Newer documentation is now live.You are currently reading an older version.

MariaDB Pods fail to start after a non-graceful shutdown

After a non-graceful shutdown such as an unexpected power loss or a forced node reset, a mariadb-server Pod may get stuck in continuous restarts with the following error in the Pod logs:

[ERROR] Recovery failed! You must enable all engines that were enabled at the moment of the crash
[ERROR] Crash recovery failed.
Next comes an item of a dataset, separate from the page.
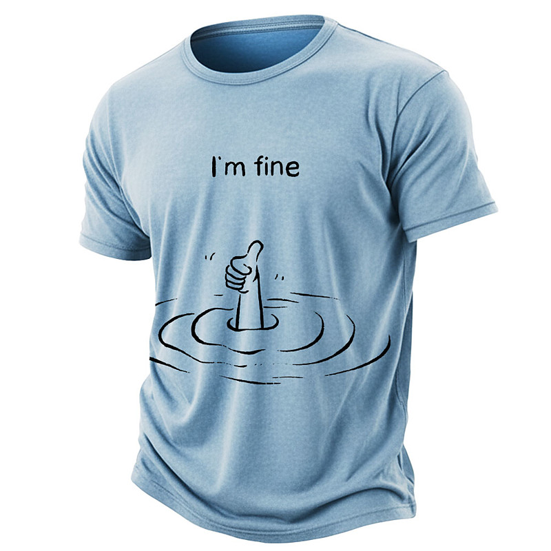 „I'm fine" Herren-T-Shirt mit Grafikprint, Vintage-Waschung, blauer Ringer-Print, Used-Look, sarkastischem, schwarzem Humor, 65 % Baumwollmischung, weiches, lässiges Oberteil, Größen: S, M, L, XL,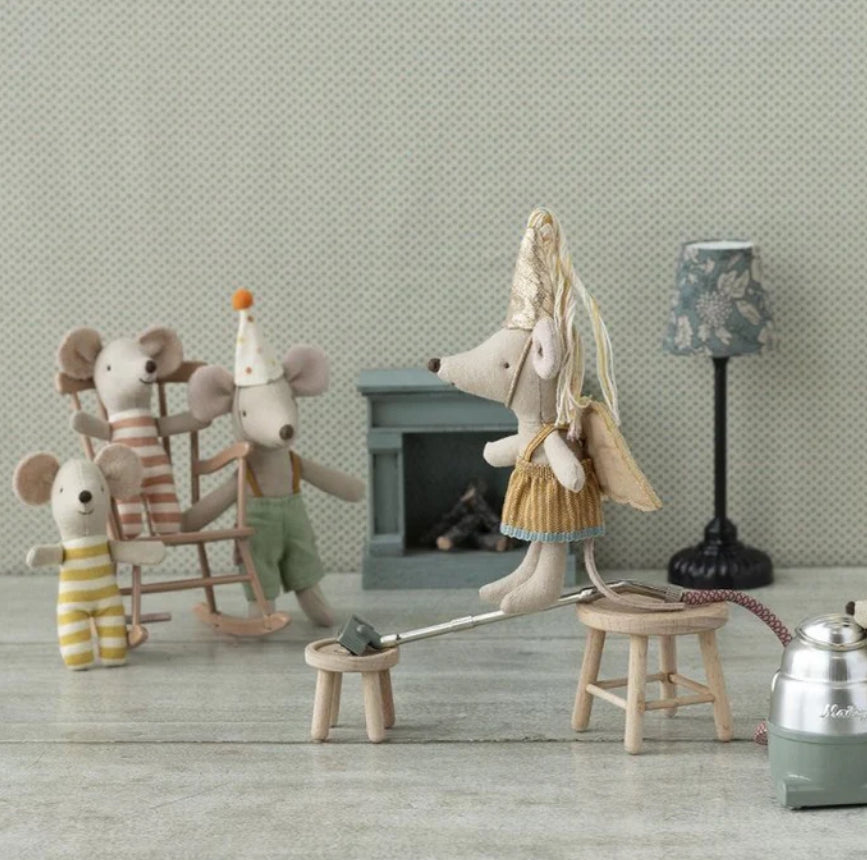 Baby Mice Triplets, a delightful set of three tiny mice snugly sleeping side by side in their matchbox bed. Wrapped in a cozy sleeping bag, these little friends are perfect for all baby mouse accessories. Measuring 8 cm tall and crafted from soft cotton with recycled polyester filling, they're ready for gentle play.

Either correct the problem (if it's, for example, out of memory error) and restart, or delete tc log and start server with --tc-heuristic-recover={commit|rollback}

The error occurs because MariaDB attempts to replay the tc.log transaction coordinator log during crash recovery, but the wsrep provider registered in the log at the time of the crash is temporarily disabled during the recovery phase, preventing the replay from completing.

To resolve the issue:

  1. Create a backup of the /var/lib/mysql directory on the affected mariadb-server Pod.

  2. Verify that other replicas are up and ready.

  3. Remove the /var/lib/mysql/tc.log file for the affected mariadb-server Pod.

  4. Remove the affected mariadb-server Pod or wait until it is automatically restarted.

After Kubernetes restarts the Pod, the Pod rejoins the cluster.